Dari hasil validasi terdapat 9.332.386 nomor rekening sah, 51.859 rekening tidak sah, dan 4.216.595 rekening masih dalam proses validasi.

Selanjutnya, 9.322.386 nomor rekening divalidasi kembali sesuai kriteria yang diatur dalam Peraturan Menteri Tenaga Kerja Nomor 14/2020. Hasilnya, ada 8.117.261 nomor rekening yang valid dan 1.155.125 nomor rekening tidak valid.

Menurut Agus, proses validasi tidak berhenti sampai di situ. Dari 8.177.261 nomor akun yang valid, 7.509.649 nomor akun yang valid sesuai dengan data tunggal. Sedangkan 667.712 nomor rekening tidak valid.

Perlu diperhatikan, bantuan sebesar Rp 600 ribu perbulan untuk pekerja dikenal dengan sebutan bantuan subsidi upah (BSU). Target penerima program ini adalah 15,7 juta orang dengan total anggaran Rp. 37,7 triliun. Nantinya peserta akan mendapatkan total Rp 2,4 juta.

Kriteria calon peserta yang akan mendapat bantuan adalah Rp 600 ribu perbulan diatur dalam Peraturan Menteri Tenaga Kerja Nomor 14 Tahun 2020 yaitu Warga Negara Indonesia yang dibuktikan dengan NIK dengan status pekerja atau pekerja penerima upah (PU), terdaftar sebagai peserta aktif BP Jamsostek hingga Juni 2020, pekerja aktif yang membayar iuran dihitung berdasarkan upah dibawah Rp 5 juta sesuai gaji terakhir yang dilaporkan oleh pemberi kerja dan dicatat di BP serta memiliki rekening aktif di bank.

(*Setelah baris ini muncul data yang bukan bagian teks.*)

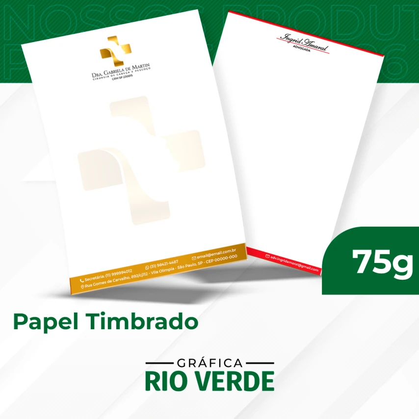 A Gráfica Rio Verde realiza a impressão de papel timbrado com agilidade e padronização, assegurando qualidade no resultado final e fidelidade à identidade visual da empresa. Uma solução funcional para quem busca organização, economia e profissionalismo na comunicação.
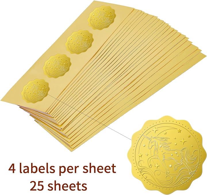 100枚 ステッカー 金箔エンボス加工 豪華 招待状 封筒 証書 賞状 飾り ごほうびシール メダル
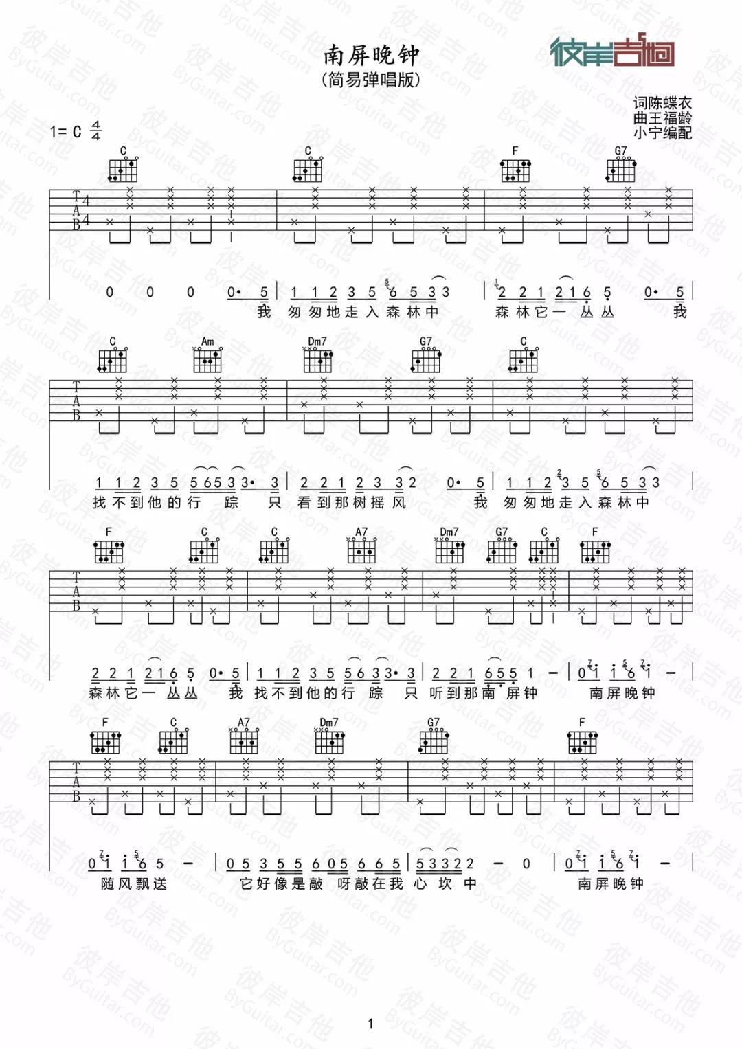 当前位置:琴谱网>吉他弹唱>南屏晚钟
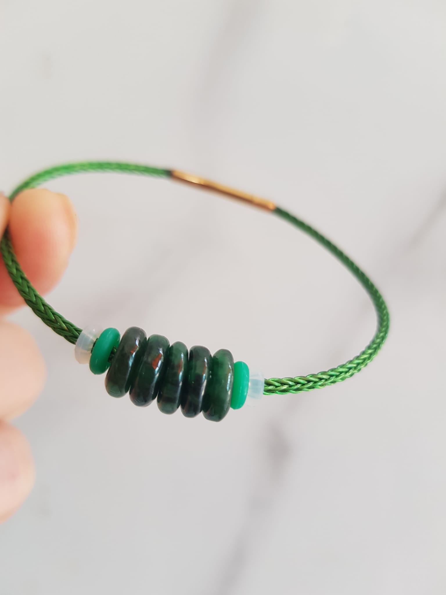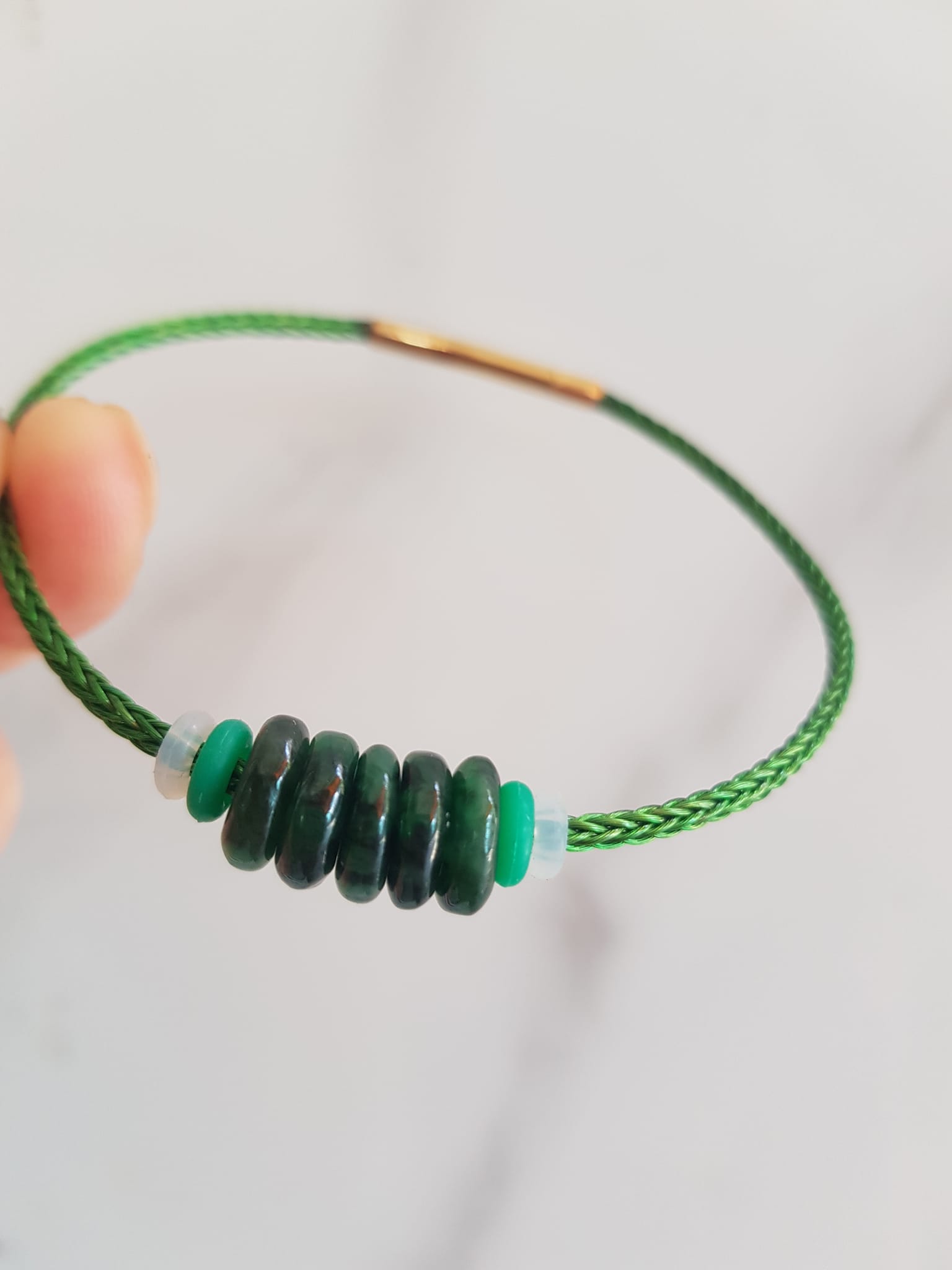 Vòng tay phong thủy nữ charm kiểu 5 đồng tiền Xanh Đậm dây xanh may mắn Đá cẩm thạch tự nhiên xanh đậm đẹp phối dây màu xan có khoen chắc chắn Hợp nữ mệnh

BP Jamsostek menyebutkan ada sekitar 1.155.125 rekening penerima manfaat dengan nilai Rp 600.000 dicoret dari daftar 15,7 juta pekerja. Ini karena terbukti tidak sesuai dengan kriteria yang ditetapkan pemerintah.

Dari 15,7 juta calon penerima Rp 600.000 bantuan dari pemerintah, BP Jamsostek telah mengantongi 13.600.840 nomor rekening. Dan setelah melalui proses validasi eksternal, terdapat 9.332.386 nomor rekening yang valid dan 51.859 nomor rekening tidak valid, sedangkan 4.216.595 nomor rekening masih dalam proses validasi.